Supplied records
------------------------
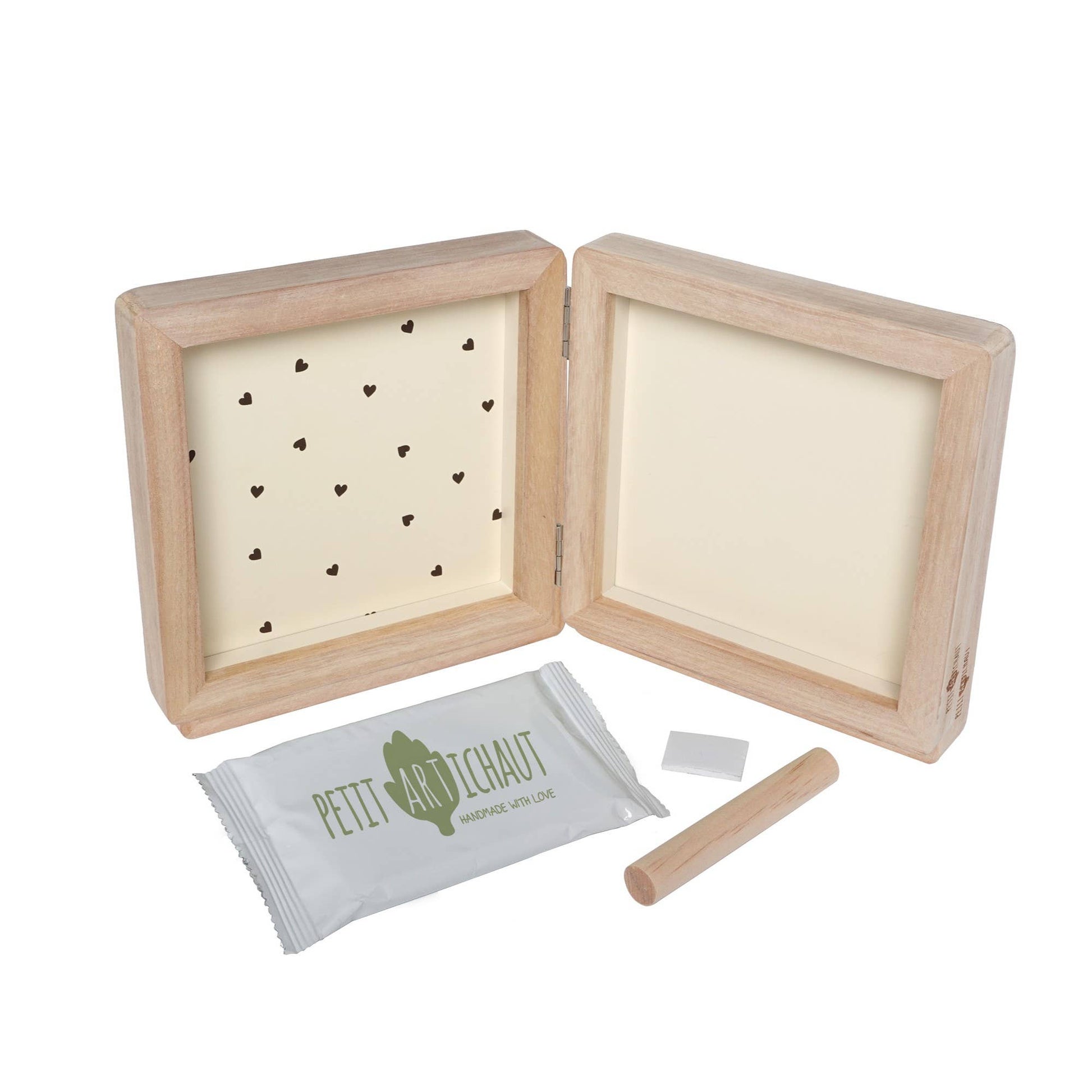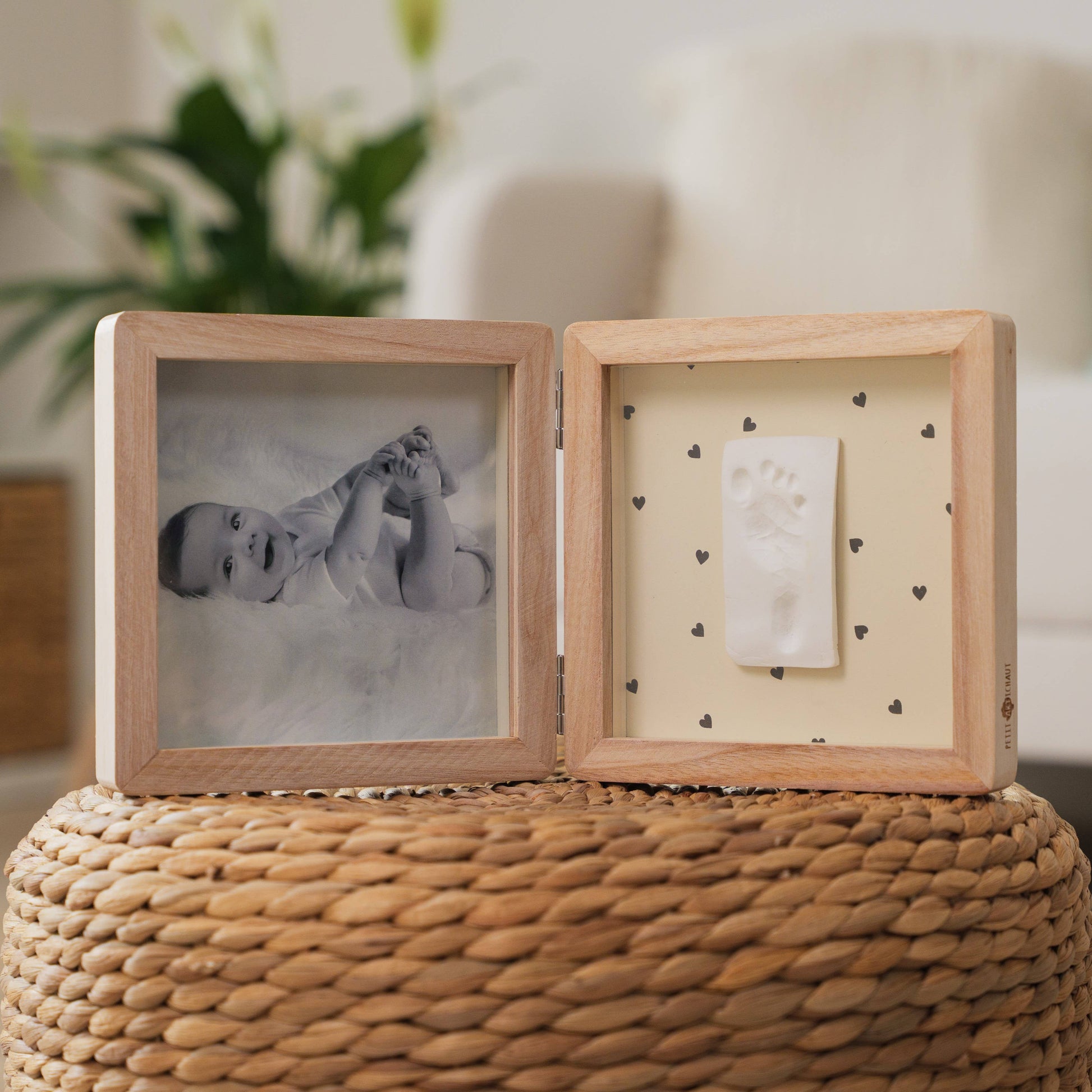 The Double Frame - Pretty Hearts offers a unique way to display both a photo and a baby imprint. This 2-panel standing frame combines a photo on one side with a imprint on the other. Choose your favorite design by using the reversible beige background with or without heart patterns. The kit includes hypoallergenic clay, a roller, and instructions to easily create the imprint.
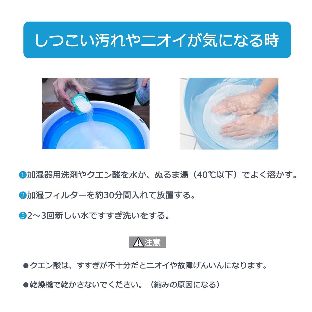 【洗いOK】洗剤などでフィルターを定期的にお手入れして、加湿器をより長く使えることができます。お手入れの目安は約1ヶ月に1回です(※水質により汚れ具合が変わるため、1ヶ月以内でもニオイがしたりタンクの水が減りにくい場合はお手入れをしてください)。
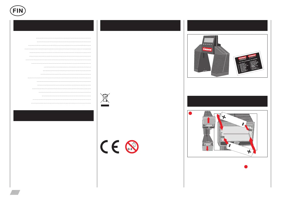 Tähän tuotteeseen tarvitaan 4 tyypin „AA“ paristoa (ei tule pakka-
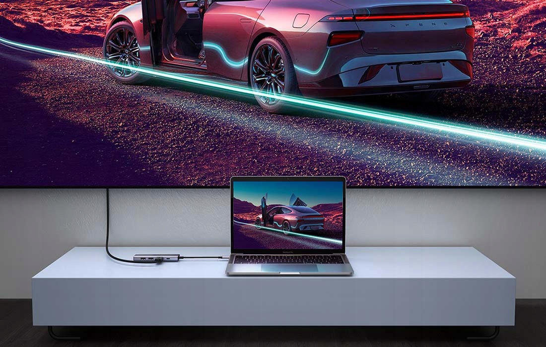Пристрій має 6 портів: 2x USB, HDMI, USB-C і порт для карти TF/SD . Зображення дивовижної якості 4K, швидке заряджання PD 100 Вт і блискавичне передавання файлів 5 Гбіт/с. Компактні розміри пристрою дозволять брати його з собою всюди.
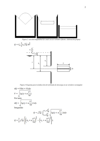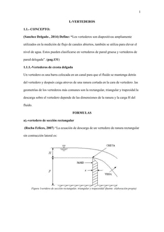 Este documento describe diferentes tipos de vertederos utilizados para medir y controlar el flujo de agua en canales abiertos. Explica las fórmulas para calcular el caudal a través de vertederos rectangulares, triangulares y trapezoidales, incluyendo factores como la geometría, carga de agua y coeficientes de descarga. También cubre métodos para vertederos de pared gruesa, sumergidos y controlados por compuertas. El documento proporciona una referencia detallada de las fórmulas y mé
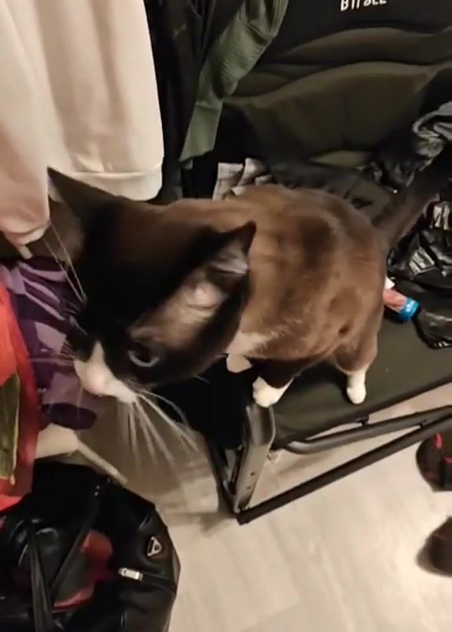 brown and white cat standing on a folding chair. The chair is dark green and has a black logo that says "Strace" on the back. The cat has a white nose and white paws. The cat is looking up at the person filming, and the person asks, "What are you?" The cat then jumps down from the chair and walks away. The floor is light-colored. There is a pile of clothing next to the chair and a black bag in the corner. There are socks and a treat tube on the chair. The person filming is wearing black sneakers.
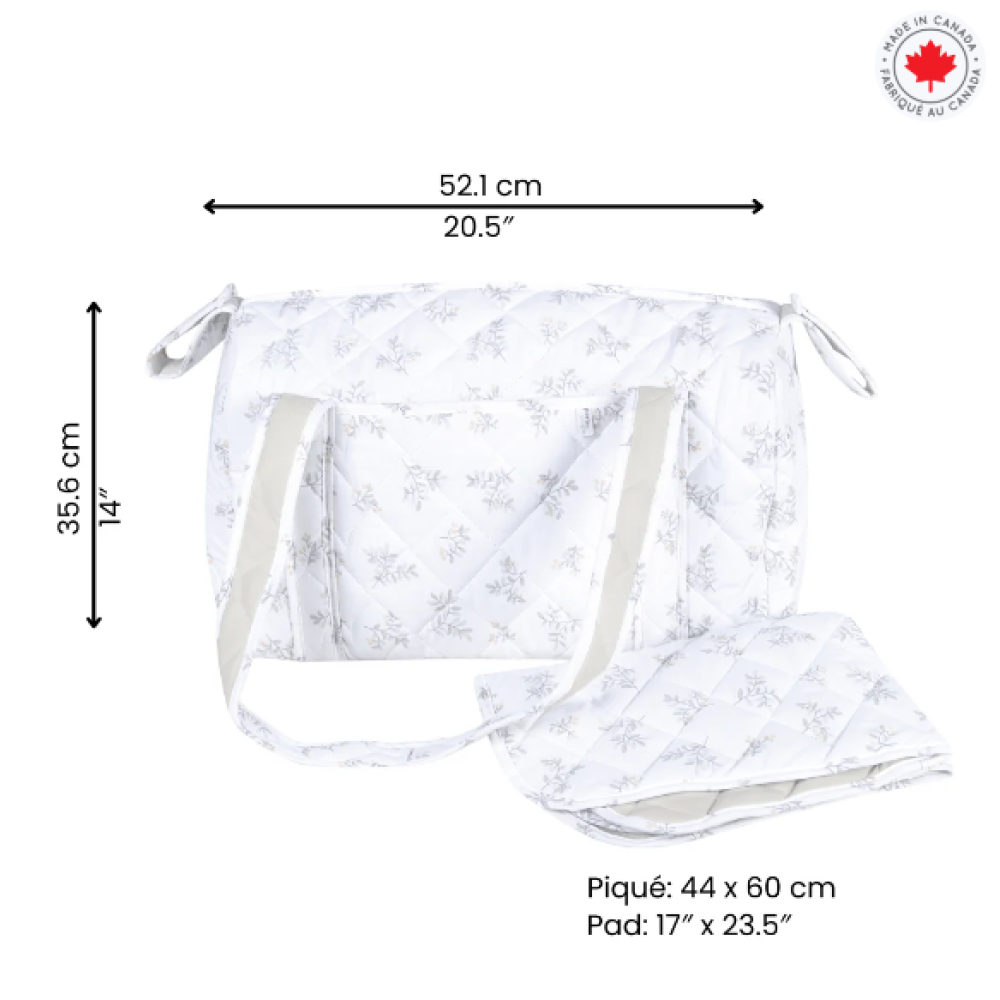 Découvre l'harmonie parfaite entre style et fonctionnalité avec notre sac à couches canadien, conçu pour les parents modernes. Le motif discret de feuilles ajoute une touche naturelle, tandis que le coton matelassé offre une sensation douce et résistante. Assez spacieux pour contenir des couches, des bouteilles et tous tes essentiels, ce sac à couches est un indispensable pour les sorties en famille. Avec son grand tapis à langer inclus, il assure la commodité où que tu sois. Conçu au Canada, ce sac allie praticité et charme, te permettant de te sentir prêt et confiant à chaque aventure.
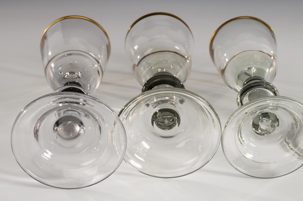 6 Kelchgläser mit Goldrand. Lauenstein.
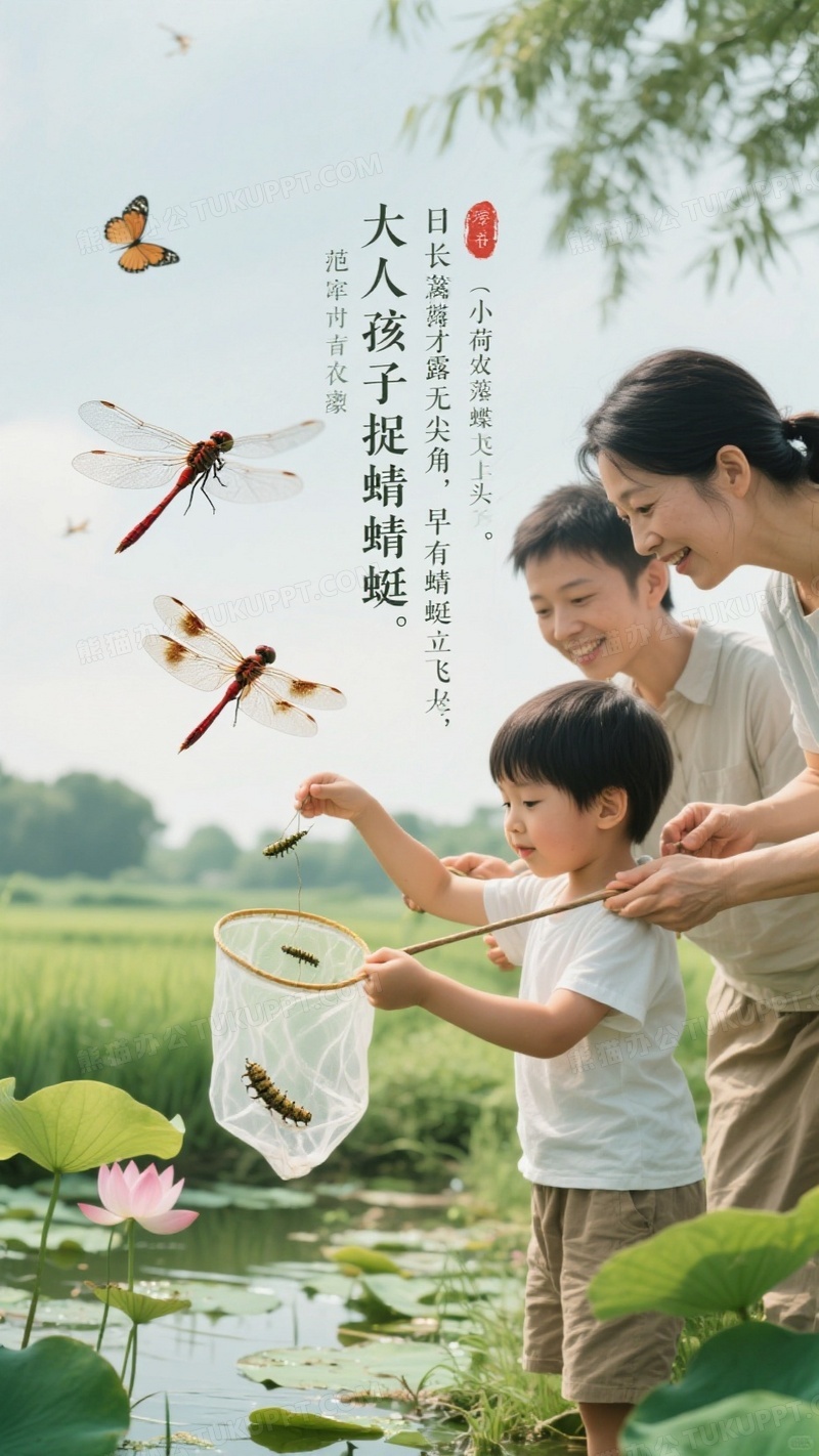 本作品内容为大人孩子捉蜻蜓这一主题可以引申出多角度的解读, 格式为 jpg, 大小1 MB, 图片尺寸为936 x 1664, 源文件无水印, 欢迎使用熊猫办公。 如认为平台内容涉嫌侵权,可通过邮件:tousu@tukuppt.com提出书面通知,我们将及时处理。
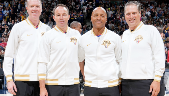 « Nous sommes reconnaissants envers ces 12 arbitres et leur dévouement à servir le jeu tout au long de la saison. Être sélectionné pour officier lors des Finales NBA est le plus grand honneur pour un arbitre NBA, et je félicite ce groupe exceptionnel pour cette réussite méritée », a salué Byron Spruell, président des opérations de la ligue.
------------------------
Task item
Everything from the line with "Пристрій має 6" down to the line with "brown and white" in the data above should be copied exactly, with both end lines kept and the pictures left out.

Result of the exercise
Пристрій має 6 портів: 2x USB, HDMI, USB-C і порт для карти TF/SD . Зображення дивовижної якості 4K, швидке заряджання PD 100 Вт і блискавичне передавання файлів 5 Гбіт/с. Компактні розміри пристрою дозволять брати його з собою всюди.
 Este documento describe diferentes tipos de vertederos utilizados para medir y controlar el flujo de agua en canales abiertos. Explica las fórmulas para calcular el caudal a través de vertederos rectangulares, triangulares y trapezoidales, incluyendo factores como la geometría, carga de agua y coeficientes de descarga. También cubre métodos para vertederos de pared gruesa, sumergidos y controlados por compuertas. El documento proporciona una referencia detallada de las fórmulas y mé
 brown and white cat standing on a folding chair. The chair is dark green and has a black logo that says "Strace" on the back. The cat has a white nose and white paws. The cat is looking up at the person filming, and the person asks, "What are you?" The cat then jumps down from the chair and walks away. The floor is light-colored. There is a pile of clothing next to the chair and a black bag in the corner. There are socks and a treat tube on the chair. The person filming is wearing black sneakers.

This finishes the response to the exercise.